3. The “Jot Down Questions” Method
Never assume the author is correct. Staying critical keeps you awake. The Strategy: Keep a notepad by your side. As you read, write down questions:
- “Why does he ignore the economic data from 1990?”
- “Is this a biased source?”
- “How does this connect to what I read in ‘Atomic Habits’?” This turns reading from a passive activity (watching TV) into an active debate. You remember debates far better than you remember lectures.
Part 4: Social Learning (The Force Multiplier)
We are social creatures. We remember gossip and jokes far better than we remember dry facts. You can hack this biology to improve your learning.
Discuss (and Joke) With Others
If you have a study buddy or a colleague reading the same material, talk about it. The Strategy: Try to make jokes about the content. If you can make a meme or a funny observation about a complex topic (e.g., “The author talks about supply chains like they are a bad breakup”), you are condensing complex information into a relatable emotion. This is particularly powerful for Auditory Learners, who comprehend best when hearing and speaking.

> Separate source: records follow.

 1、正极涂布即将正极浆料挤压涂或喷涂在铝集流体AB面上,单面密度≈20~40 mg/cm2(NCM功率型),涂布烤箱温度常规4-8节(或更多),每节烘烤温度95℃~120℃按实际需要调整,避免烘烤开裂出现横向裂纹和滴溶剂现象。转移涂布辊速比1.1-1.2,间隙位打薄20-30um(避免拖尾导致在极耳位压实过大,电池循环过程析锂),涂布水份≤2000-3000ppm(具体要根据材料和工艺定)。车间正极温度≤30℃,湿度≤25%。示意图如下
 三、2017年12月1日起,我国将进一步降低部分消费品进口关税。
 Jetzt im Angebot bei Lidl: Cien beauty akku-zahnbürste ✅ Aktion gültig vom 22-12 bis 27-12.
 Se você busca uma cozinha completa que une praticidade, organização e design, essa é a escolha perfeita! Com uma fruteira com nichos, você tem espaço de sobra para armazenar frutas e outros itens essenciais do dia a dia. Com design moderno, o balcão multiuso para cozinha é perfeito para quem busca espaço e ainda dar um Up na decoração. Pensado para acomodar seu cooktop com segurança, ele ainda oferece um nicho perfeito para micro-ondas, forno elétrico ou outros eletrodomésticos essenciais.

Part 5: The Digital Advantage (Reading on Screens)
While the strategies above apply to physical books, reading digitally offers unique speed advantages.
1. Bionic Reading
New apps use “Bionic Reading” fonts, which bold the first few letters of every word. Your brain automatically completes the rest of the word. This guides the eye through the text with zero friction, allowing for “superhuman” reading speeds.
2. AI Summarization
Before reading a long article, copy the URL into an AI tool (like ChatGPT or Notion) and ask: “Summarize the top 3 counter-intuitive points in this article.” Use this as a filter. If the AI summary sounds generic, skip the article. If it sounds novel, read the full text to get the nuance.
Summary Protocol
To absorb a book faster, stop reading it like a novel. Treat it like a mine. You are the miner, and the information is the ore.

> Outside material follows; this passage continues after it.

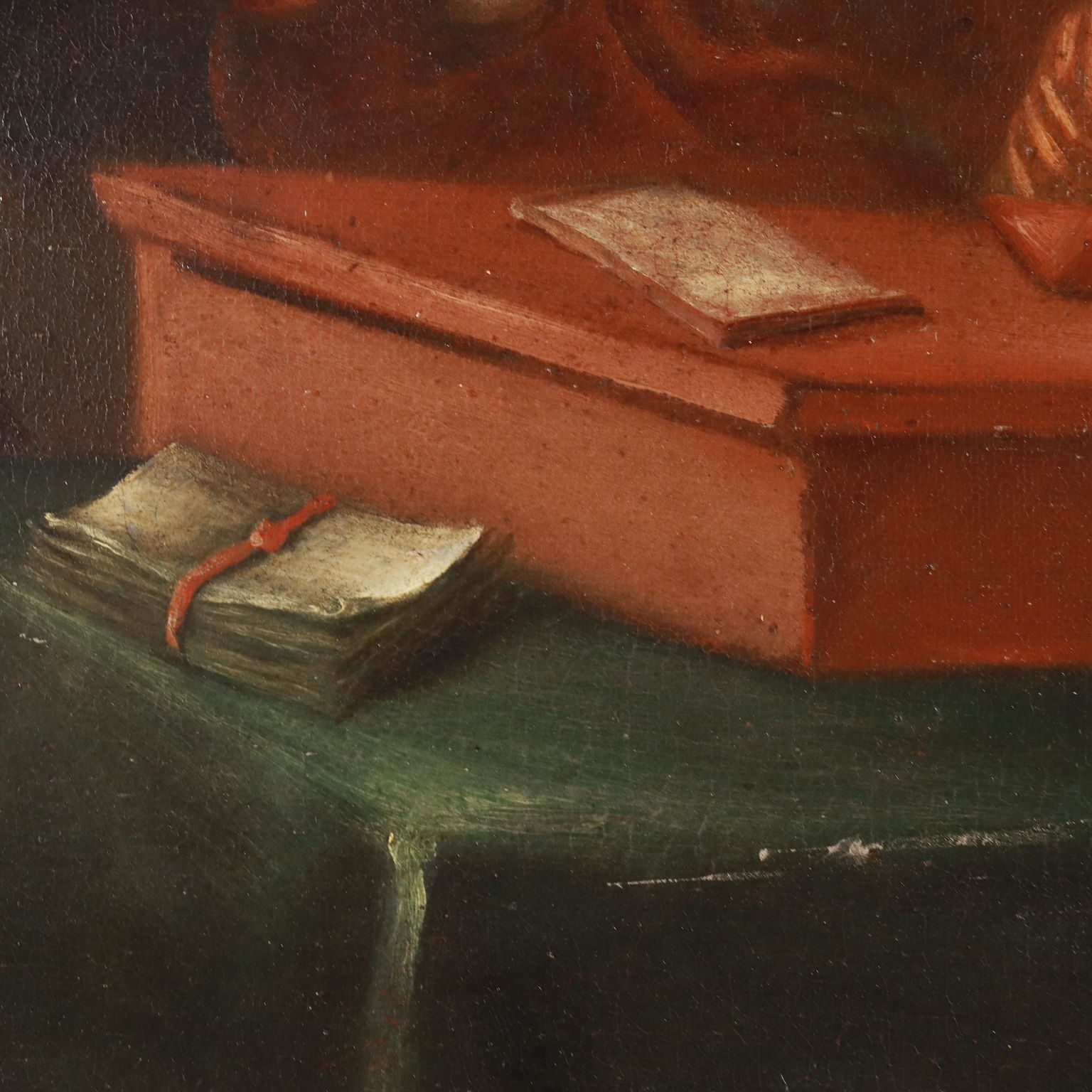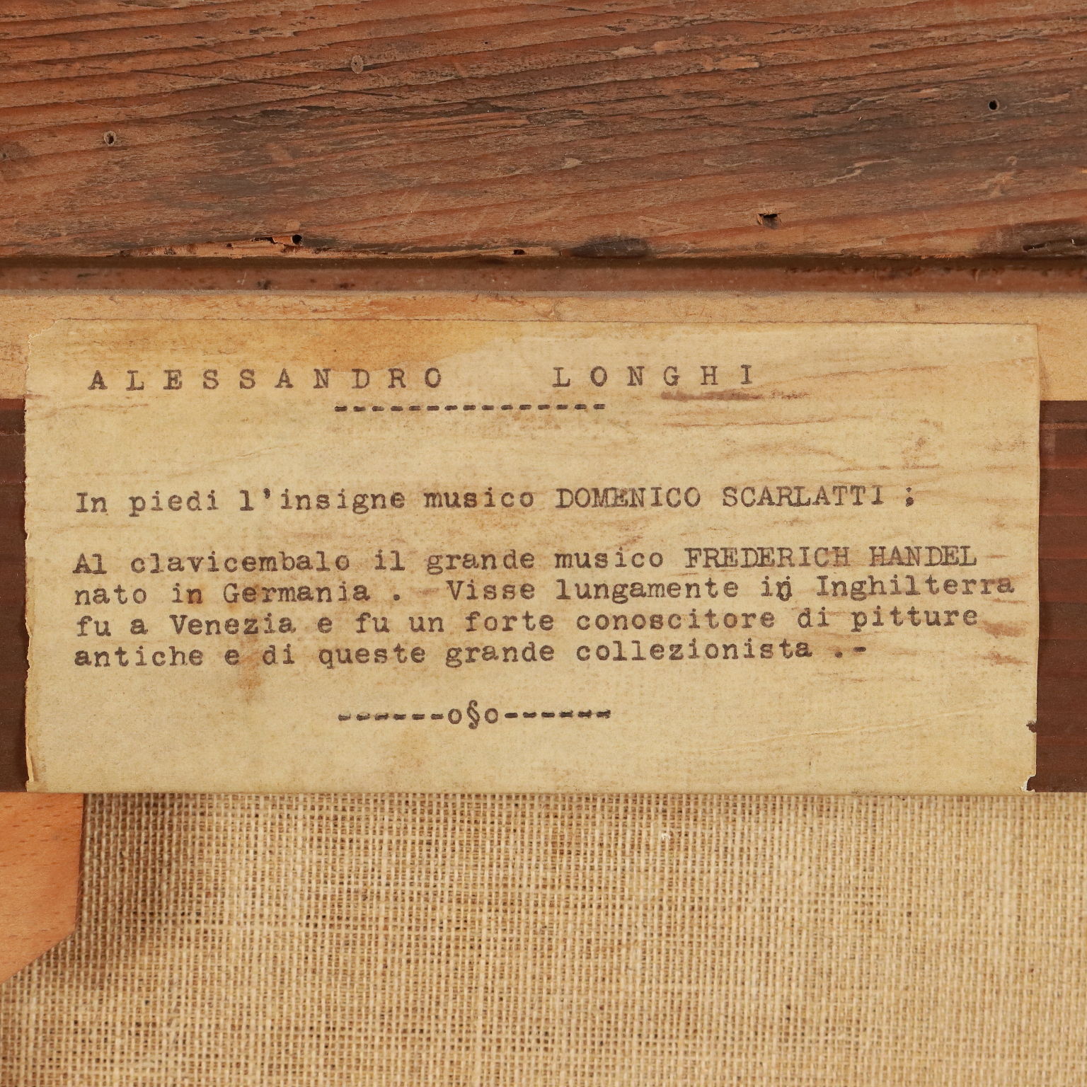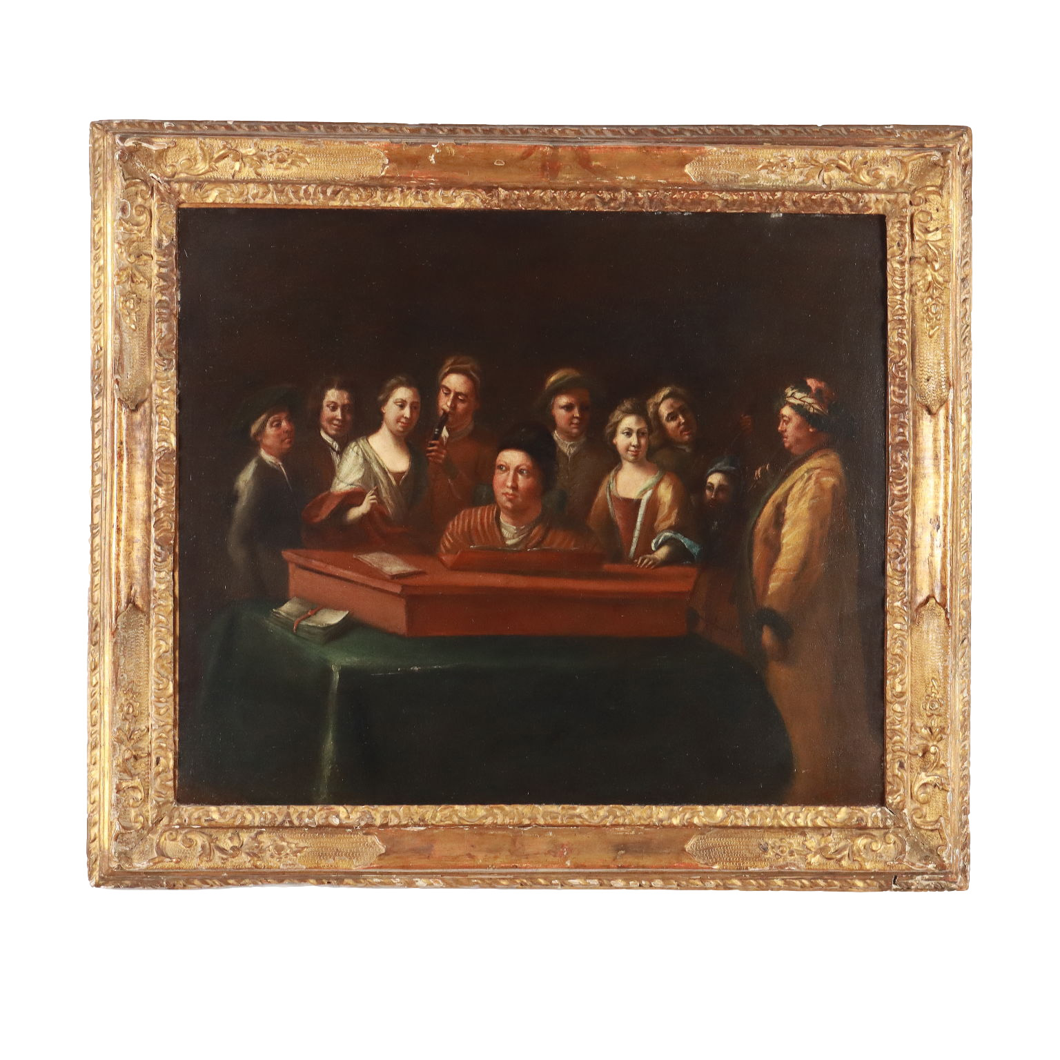 Olio su tela. Nella scena è raffigurato un concertino da camera: al centro il suonatore di spinetta, alle sue spalle il suonatore di flauto dolce e sul lato destro il maestro che dirige, che ascolta intento e muove la mano destra ad accompagnare i movimenti musicali; alle spalle del trio, dame e gentiluomini ascoltano sorridenti e partecipi. Restaurato e ritelato, il dipinto è presentato in cornice del XIX secolo.

- Inspect: Read the Conclusion first. Get the answer key.
- Filter: Use the Table of Contents to identify the 20% of high-value chapters.
- Skim: Read the first sentence of paragraphs; skim the evidence.
- Engage: Highlight summary statements and write a one-page response.
By mastering these techniques, you move from being a passive consumer of content to an active architect of your own knowledge. You will find yourself reading not just faster, but deeper.